我想JSON序列化一个继承System.Exception的自定义异常对象。 JsonConvert.SerializeObject似乎忽略派生类型的属性。问题可以很简单地说明:
class MyException : Exception {
public string MyProperty { get; set; }
}
class Program {
static void Main(string[] args) {
Console.WriteLine(JsonConvert.SerializeObject(new MyException {MyProperty = "foobar"}, Formatting.Indented));
//MyProperty is absent from the output. Why?
Console.ReadLine();
}
}
我尝试在正确的位置添加DataContract和DataMember属性。

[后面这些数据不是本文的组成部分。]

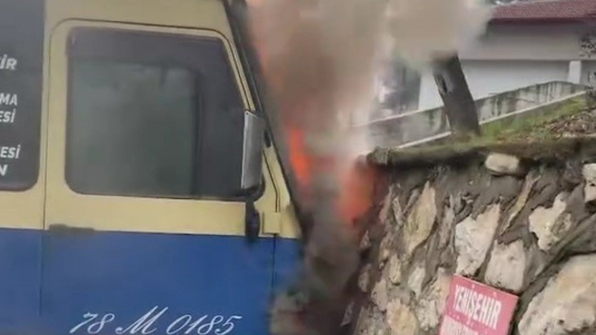 Karabük merkez Yenişehir Mahallesi'nde park halindeki yolcu minibüsünün motor kısmında henüz bilinmeyen bir nedenle yangın çıktı.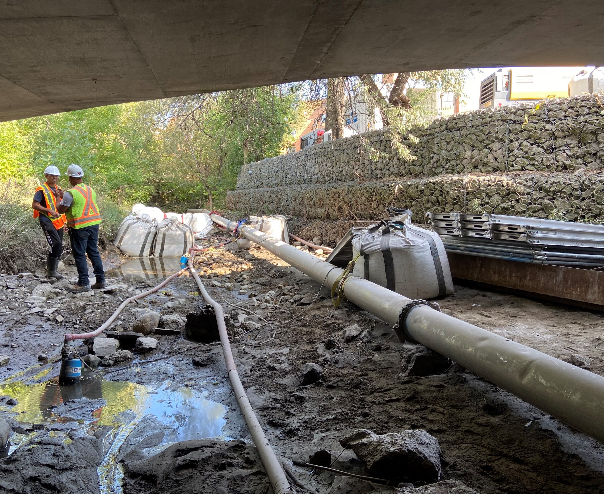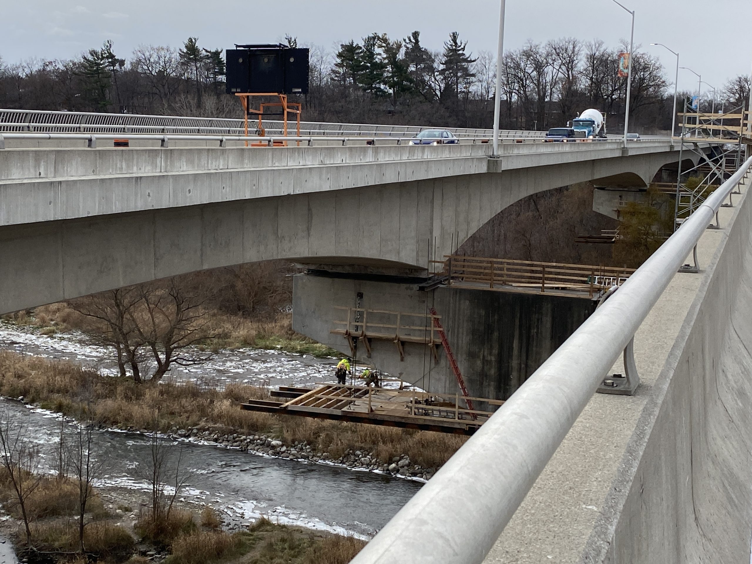 Rehabilitation of the twin bridges on Burnhamthorpe Road West over the Credit River. Work continues into 2024.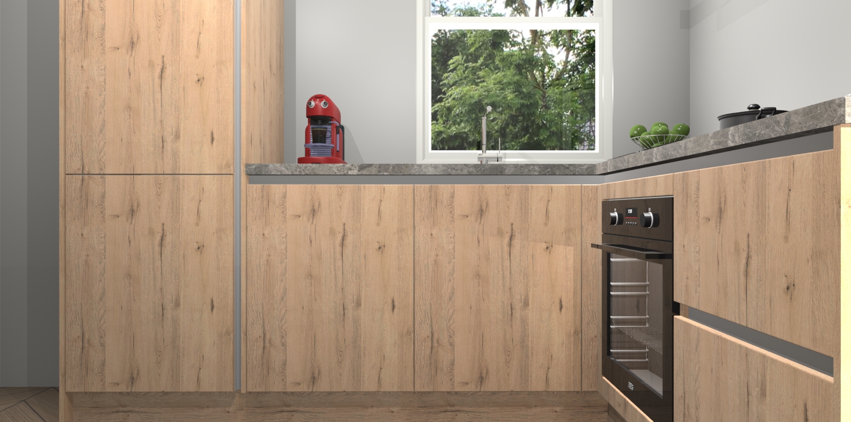 De Madera Natuur greeploze keuken Phuket heeft alles wat u maar kunt wensen. Niet alleen zijn er softclose deuren, maar ook 5 ingebouwde apparaten: een oven, inductiekookplaat, afzuigkap, vaatwasser en koelkast - waarbij u later gemakkelijk naar het AEG merk, van inductiekookplaat naar kookplaat met geïntegreerde afzuiging of van oven naar combimagnetron kunt upgraden. Dat alles tegen een vast laag tarief! Bovendien geeft de Madera Natuur greeploze keuken Phuket supersnelle levering van 7 weken. Echt iets voor u als u er niet op wilt wachten om het resultaat te zien in eigen keuken!

他们没有帮助。我如何让它工作?
答案 0 :(得分:15)
因为Exception实现了ISerializable,所以Json.Net默认使用它来序列化对象。您可以告诉它忽略ISerializable,如此:
var settings = new JsonSerializerSettings() {
Formatting = Formatting.Indented,
ContractResolver = new DefaultContractResolver() {
IgnoreSerializableInterface = true
}
};
Console.WriteLine(JsonConvert.SerializeObject(new MyException {MyProperty = "foobar"}, settings));
答案 1 :(得分:8)
您还可以通过覆盖System.Runtime.Serialization.SerializationInfo方法和GetObjectData
ctor(SerializationInfo, StreamingContext)商店中添加和检索特定对象
public class MyCustomException : Exception
{
public string MyCustomData { get; set; }
protected MyCustomException (SerializationInfo info, StreamingContext context) : base(info, context)
{
MyCustomData = info.GetString("MyCustomData");
}
public override void GetObjectData(SerializationInfo info, StreamingContext context)
{
base.GetObjectData(info, context);
info.AddValue("MyCustomData", MyCustomData);
}
}
这样MyCustomObject属性将包含在序列化和反序列化中。